Dead links? I verified that every links were working. Minato ku (talk) 11:00, 28 November 2015 (UTC)
You obviously did not check those links, as even now they're showing 'ref error' (multiple references) errors. THEPROMENADER   11:20, 28 November 2015 (UTC)
Then correct those details. There was no call to revert the whole thing to its pre-GA-drive state, you reverted the work of many contributors. THEPROMENADER   11:20, 28 November 2015 (UTC)

I'll update the air traffic table soon. Didn't have time yesterday. I have a life besides Wikipedia you know. Der Statistiker (talk) 13:45, 28 November 2015 (UTC)
And ThePromenader, can you point out exactly what important and non-outdated information Minato ku removed from the section? If there is any, it should be added back in the article of course. Der Statistiker (talk) 14:08, 28 November 2015 (UTC)

Again, don't distract (and can't Minato ku answer for themselves?) : Minato ku reverted to a version from over a year ago without providing any reasonable explanation why. The burden of justification is on the person who did that, and 'outdated numbers' is an explanation for an update, but not a total revert, let alone a revert to that version in particular (and its outdated numbers!). THEPROMENADER   14:54, 28 November 2015 (UTC)
My explanation is the more accurate information of this version. Note that no information was lost, on the contrary the transportation section is more complete now.
It does not matter to have two years old air traffic passengers figures, the date is written so people understand that it is the data of 2013 (the most recent figures would be of 2014 anyway). The issue is more about the wrong number of lines, fanciful metro ridership... Minato ku (talk) 15:37, 28 November 2015 (UTC)
That explation is... ambiguity at best. "Just because I want to" isn't a reason to revert other people's work, of course it 'matters' (and especially when the reverted-to version is even worse and has errors). We all know what went on here, I just decided to give you a chance to explain, all the same. THEPROMENADER   22:59, 28 November 2015 (UTC)

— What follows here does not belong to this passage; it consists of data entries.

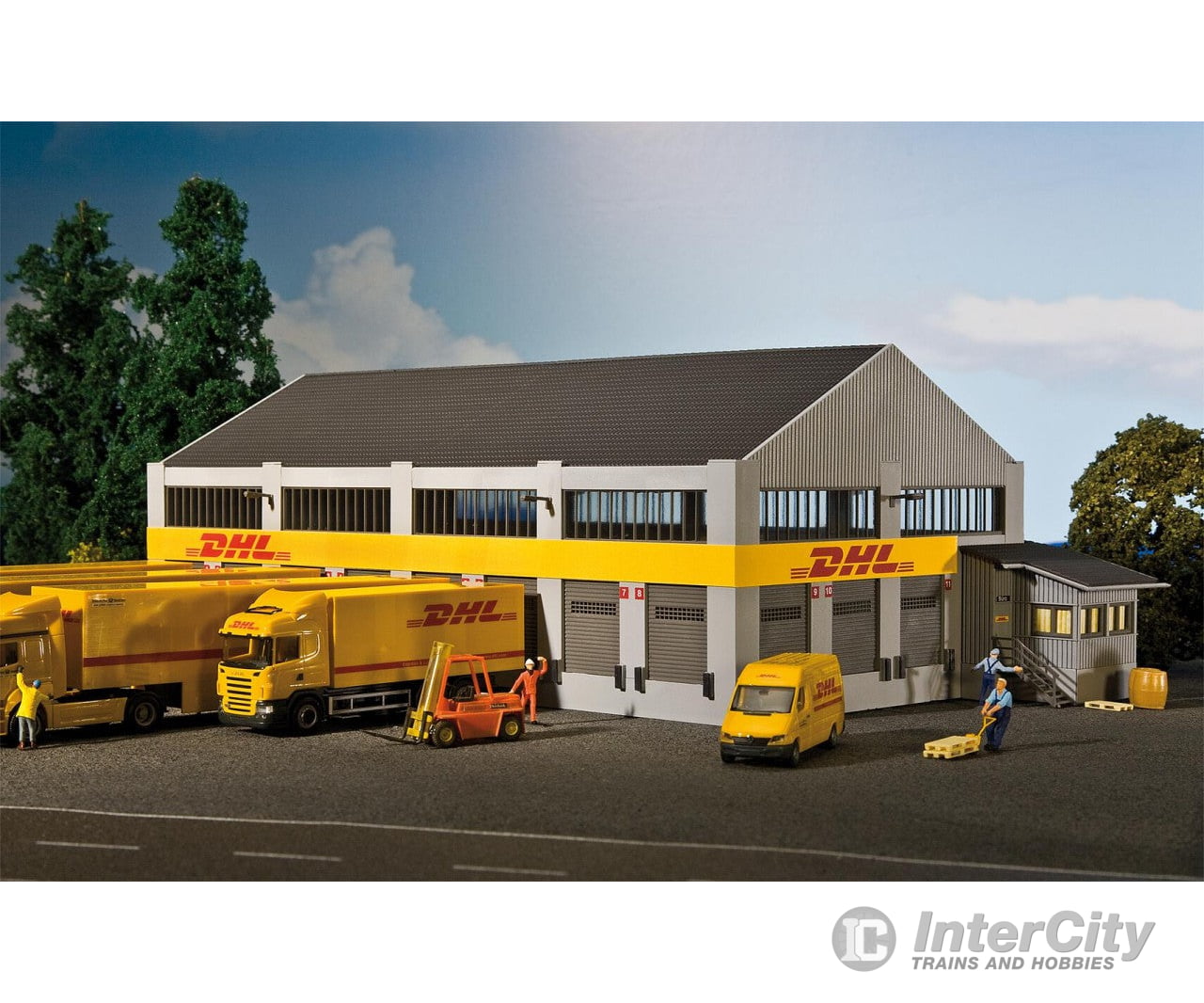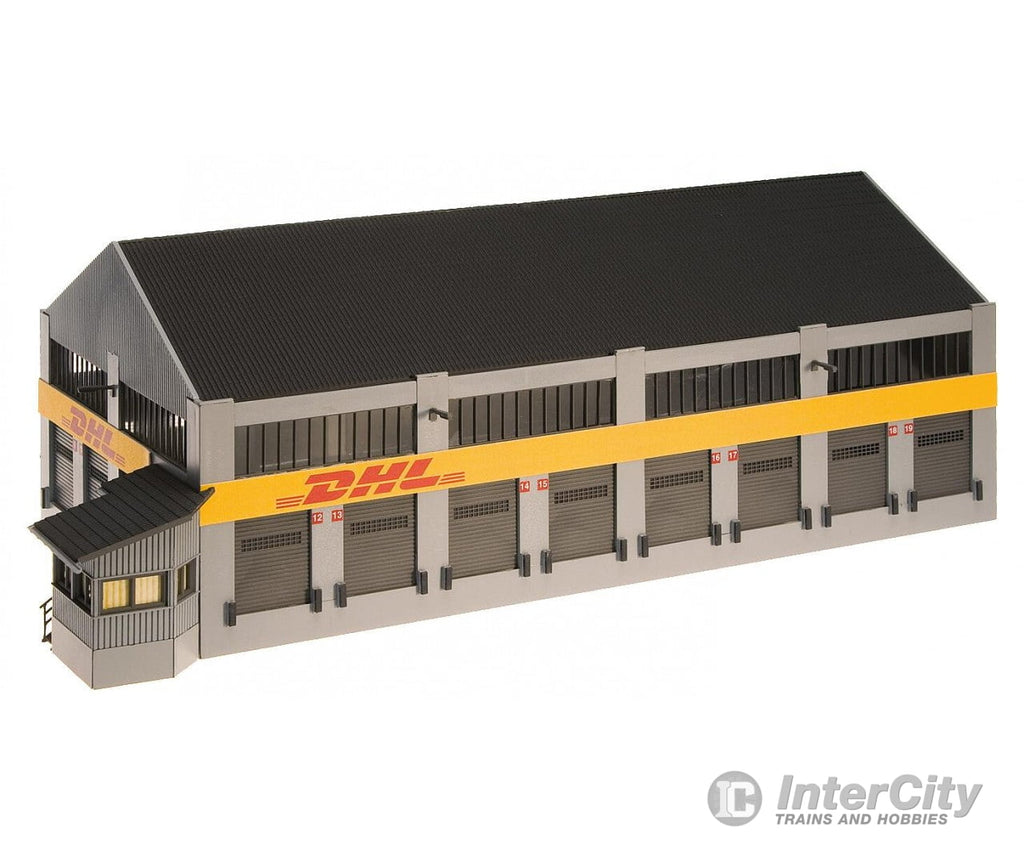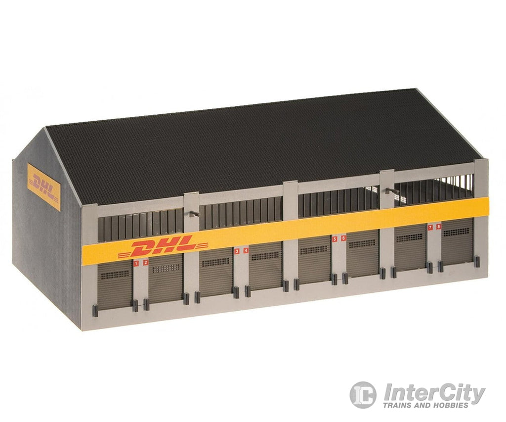Modern freight hall built for DHL, fitted with 19 rolling shutter doors at the loading platforms and an adjoining office wing. Several models can be juxtaposed or built side by side. The current Car System line offers the suitable DHL vehicles.
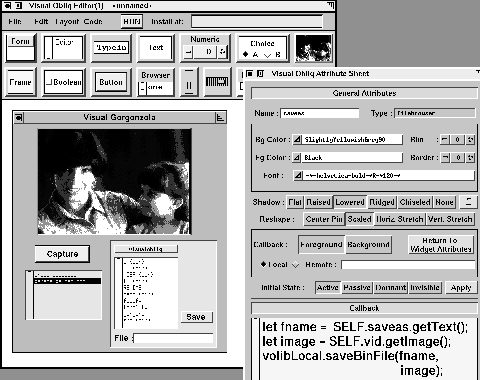 MainWin[...], containing references to instances of MainWin created at run-time. Widgets are implemented as objects nested inside the form instance. Suppose the button labeled `Capture' were named CaptureBtn, the programmer would refer to the button within instance n of MainWin as MainWin[n].CaptureBtn.
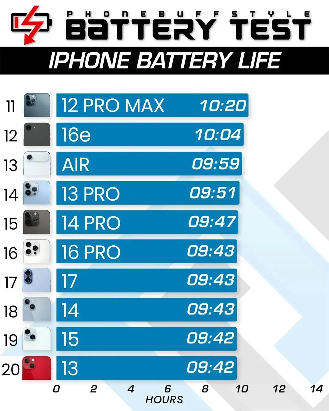 2025 年 11 月 29 日,外媒 PhoneBuff 发布了统一设置下的 iPhone 全系列日常续航实测榜单,全程模拟普通用户的真实使用场景,最终结果和多数人的固有印象大相径庭,多个排名颠覆了大家对苹果机型续航的认知。

That said, I'll be putting this section back into its pre-revert state later today, of course adding the new tram line information (and any other numbers that have been updated since the revert). From here on, if there is anything more than a few phrases you'd like to change or remove, you talk about it here, first. That, too, I'll be outlining later today. THEPROMENADER   04:39, 29 November 2015 (UTC)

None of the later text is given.